Data listing ▸
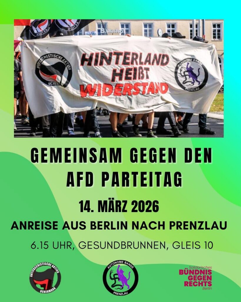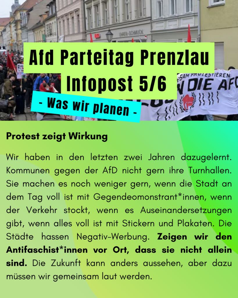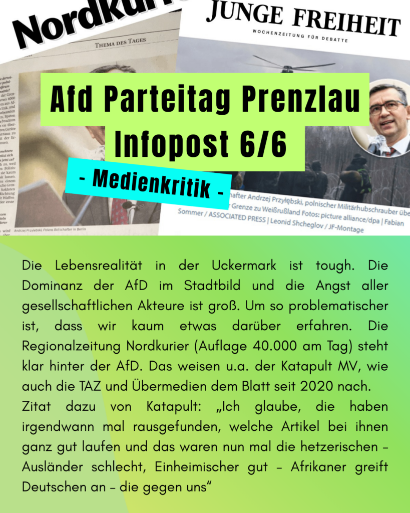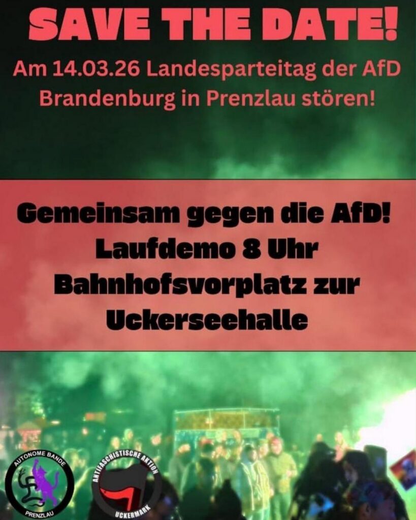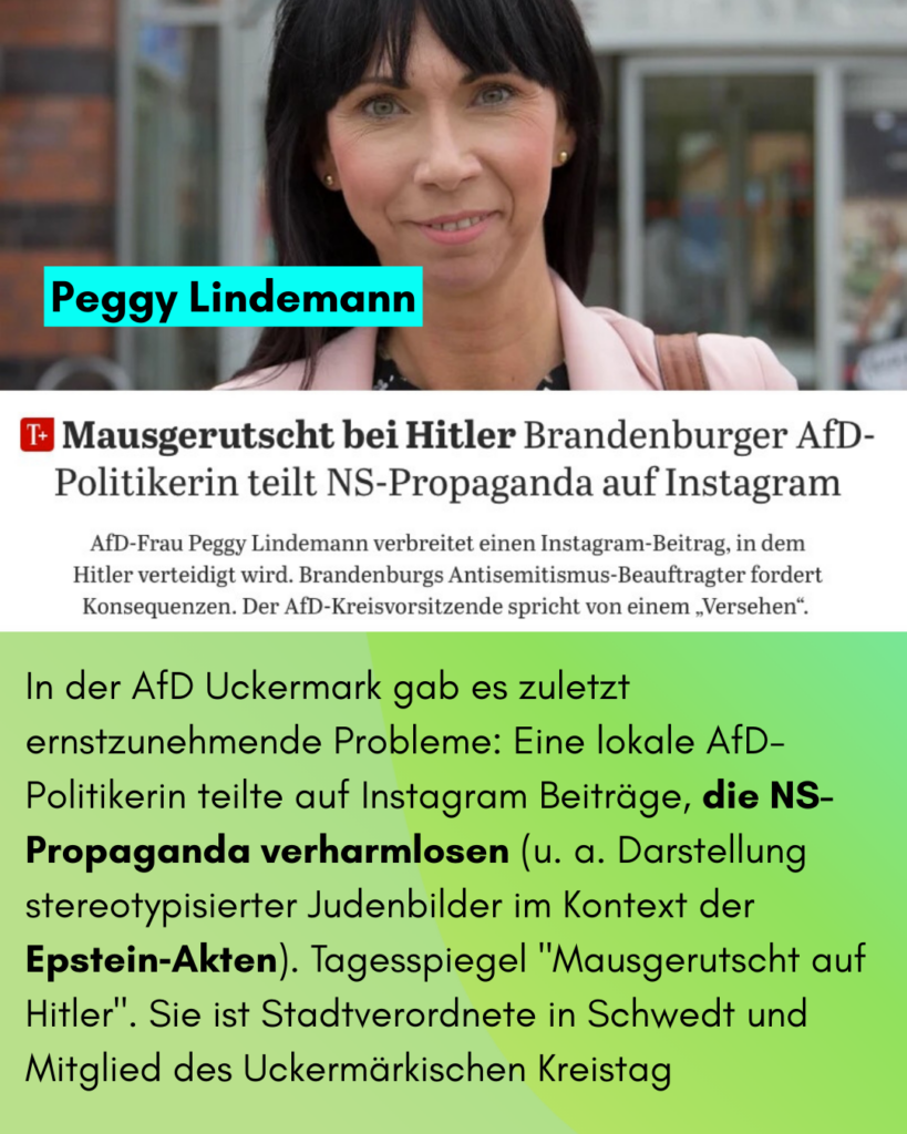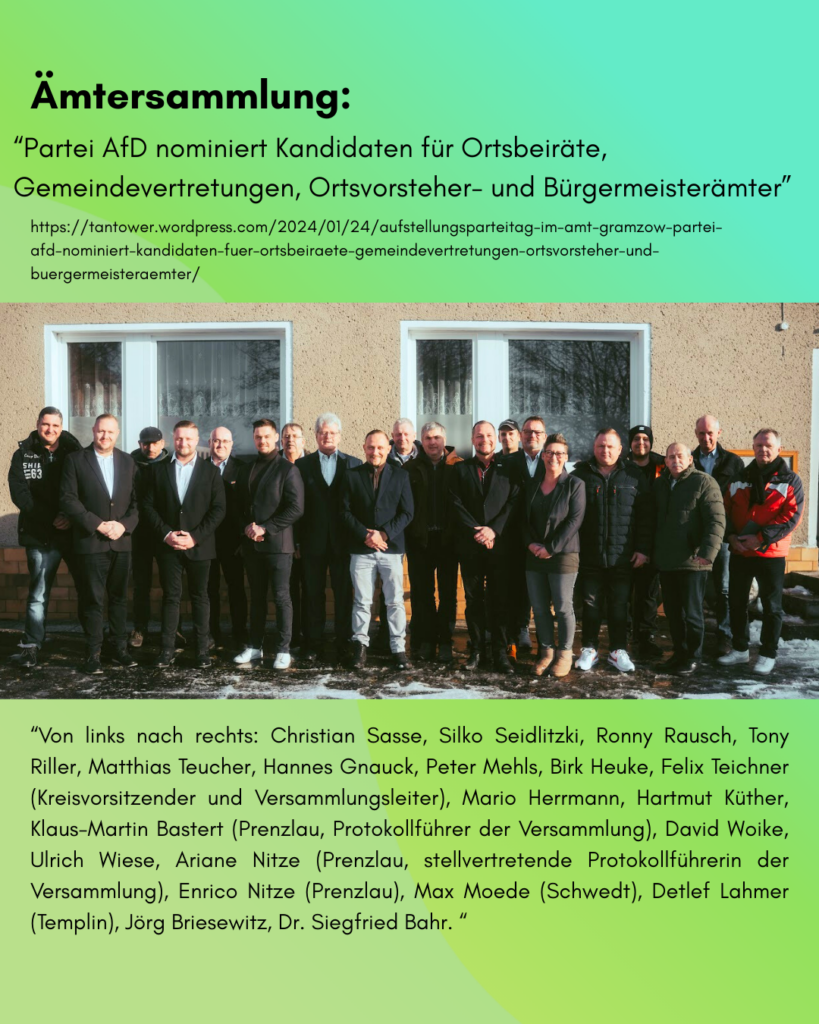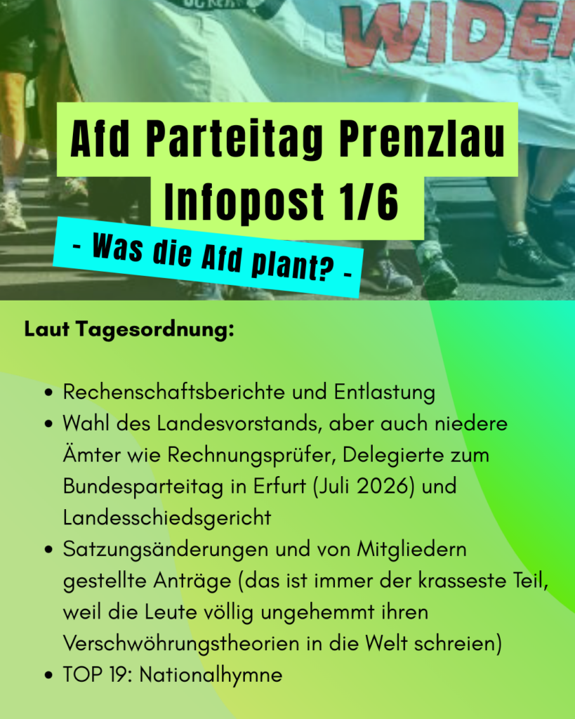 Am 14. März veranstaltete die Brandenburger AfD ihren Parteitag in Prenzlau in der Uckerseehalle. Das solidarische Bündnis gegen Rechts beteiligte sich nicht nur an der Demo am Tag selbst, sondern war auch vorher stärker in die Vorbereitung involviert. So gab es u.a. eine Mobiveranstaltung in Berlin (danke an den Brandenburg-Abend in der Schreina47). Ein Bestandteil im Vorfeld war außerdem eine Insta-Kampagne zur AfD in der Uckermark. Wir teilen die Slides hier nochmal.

==

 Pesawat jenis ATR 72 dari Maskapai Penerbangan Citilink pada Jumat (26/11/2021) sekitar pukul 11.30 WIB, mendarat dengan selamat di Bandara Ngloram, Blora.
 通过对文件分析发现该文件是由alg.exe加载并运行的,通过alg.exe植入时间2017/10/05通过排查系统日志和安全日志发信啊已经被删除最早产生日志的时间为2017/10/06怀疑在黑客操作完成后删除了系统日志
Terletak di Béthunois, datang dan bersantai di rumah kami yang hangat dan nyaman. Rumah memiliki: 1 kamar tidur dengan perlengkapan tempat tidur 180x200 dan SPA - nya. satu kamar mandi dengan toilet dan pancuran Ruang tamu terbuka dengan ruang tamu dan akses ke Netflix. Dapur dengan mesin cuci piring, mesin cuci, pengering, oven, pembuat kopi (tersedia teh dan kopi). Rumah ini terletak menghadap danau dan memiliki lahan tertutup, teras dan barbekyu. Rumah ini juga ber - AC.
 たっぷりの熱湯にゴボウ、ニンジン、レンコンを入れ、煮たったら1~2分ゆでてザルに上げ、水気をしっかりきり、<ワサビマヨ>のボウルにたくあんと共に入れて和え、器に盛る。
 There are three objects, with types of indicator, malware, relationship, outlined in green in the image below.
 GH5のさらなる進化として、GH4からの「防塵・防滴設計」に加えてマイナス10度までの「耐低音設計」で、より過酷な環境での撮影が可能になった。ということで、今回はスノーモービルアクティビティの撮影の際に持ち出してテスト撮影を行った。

Activity ▸ In the listing above, find the line containing "There are three" and the line containing "GH5のさらなる進化として、". Output them and every line between, exactly, and nothing else.

Response to this task ▸
 There are three objects, with types of indicator, malware, relationship, outlined in green in the image below.
 GH5のさらなる進化として、GH4からの「防塵・防滴設計」に加えてマイナス10度までの「耐低音設計」で、より過酷な環境での撮影が可能になった。ということで、今回はスノーモービルアクティビティの撮影の際に持ち出してテスト撮影を行った。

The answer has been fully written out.